2 . The method of claim 1 wherein the substrate is a borosilicate/borofloat glass or a soda-lime glass.
3 . The method of claim 1 further comprising cleaving the silicon-containing material along a surface established at about the depth at which the ions are implanted.
4 . The method of claim 1 wherein the irradiation step is performed with a laser having a wavelength between about 500 nm and about 600 nm.
5 . The method of claim 1 wherein the irradiation step is performed with a laser having a wavelength of about 515 nm or about 532 nm.
6 . The method of claim 1 wherein the substrate includes a base portion composed of glass, plastic or metal.
7 . The method of claim 1 wherein the substrate comprises one or more layers including a film of SiN/SiO2/Si coated on a base portion.
8 . The method of claim 1 further comprising of a step of annealing at a temperature between about 200° C. to about 450° C.
9 . The method of claim 1 further comprising of a step of annealing at a temperature between about 200° C. to about 450° C. for a period of less than about 45 minutes.
10 . The method of claim 8 wherein the step of annealing is performed after a step of laser irradiation/treatment.
11 . (canceled)
12 . A method of producing a composite solar cell structure composed of a silicon-containing material bonded to a glass substrate, the method comprising:
engaging the silicon-containing piece into contact with the glass substrate; and irradiating/treating the silicon-containing piece with a laser having a wavelength of between about 350 nm to about 1070 nm, such that complete bonding between the piece and the glass substrate is achieved without need for further anneal.
13 . (canceled)
14 . The method of claim 12 wherein the irradiation step is performed with a laser having a wavelength between about 500 nm and about 600 nm.
15 - 16 . (canceled)
17 . A method of producing a composite structure composed of a silicon-containing material bonded to a substrate, the method comprising:
implanting ions into silicon-containing material to a depth; holding the silicon-containing piece into contact with the substrate; irradiating/treating the silicon-containing piece with a laser having a wavelength of between about 350 nm to about 1070 nm; and cleaving the silicon-containing material along a surface established at about the depth at which the ions are implanted.
18 . (canceled)
19 . The method of claim 17 further comprising cleaving the silicon-containing material along a surface established at the depth at which the ions are implanted.

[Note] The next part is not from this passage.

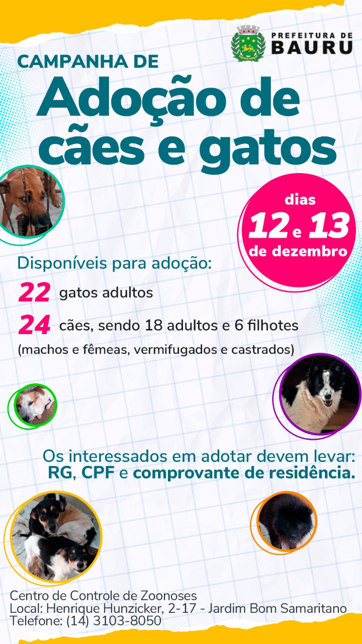 O Centro de Controle de Zoonoses (CCZ) realiza neste sábado e domingo, dias 12 e 13, Campanha de Adoção de cães e gatos. A ação ocorrerá das 9 às 12h no CCZ, localizado na Rua Henrique Hunzicker, Q.1 - s/n, Jardim Bom Samaritano. Os interessados em adotar devem levar RG, CPF e comprovante de residência.
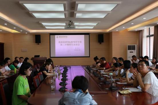 为进一步落实“以生为本”的教学理念,征求学生对基础部课程教学工作的意见和建议,全面了解基础部教师教学情况,更好地服务学生,基础部于2019年6月24日下午召开了师生座谈会。校党委委员、副校长岳应权出席了会议,基础部党总支书记冉启国、基础部党总支副书记黄源镜、基础部教务科科长郭丽娜、基础部办公室主任范瑶、各教研室主任及2018级学生代表参加了座谈。会议由基础部副主任陈哲洪主持。

20 . The method of claim 17 wherein the irradiation step is performed with a laser having a wavelength between about 500 nm and about 600 nm.
21 - 27 . (canceled)
28 . The method of claim 17 wherein the step of irradiation comprises:
a first pass of the laser at an energy density of between about 0.5 and about 3 J/cm2; and
a second pass of the laser at an energy density of between about 0.5 and about 3 J/cm2.
29 . (canceled)
30 . The method of claim 17 wherein the step of irradiation comprises:
a first pass of the laser at an energy density of between about 0.5 and about 1 J/cm2;
a second pass of the laser at an energy density of between about 1 and about 1.5 J/cm2; and
a third pass of the laser at an energy density of between about 1.5 and about 3 J/cm2.
31 . The method of claim 17 wherein the step of irradiation comprises:
a first pass of the laser at an energy density of between about 1.5 and about 3 J/cm2;
a second pass of the laser at an energy density of between about 1 and about 1.5 J/cm2; and
a third pass of the laser at an energy density of between about 0.5 and about 1 J/cm2.
32 . The method of claim 17 wherein the step of irradiation comprises:
a first pass of the laser, at a speed/rate of about 0.0001 to about 0.01 cm2/sec, at an energy density of between about 0.5 and about 1 J/cm2; and
a second pass of the laser, at a speed/rate of about 0.01 to about 10 cm2/sec at an energy of between about 1 and about 3 J/cm2.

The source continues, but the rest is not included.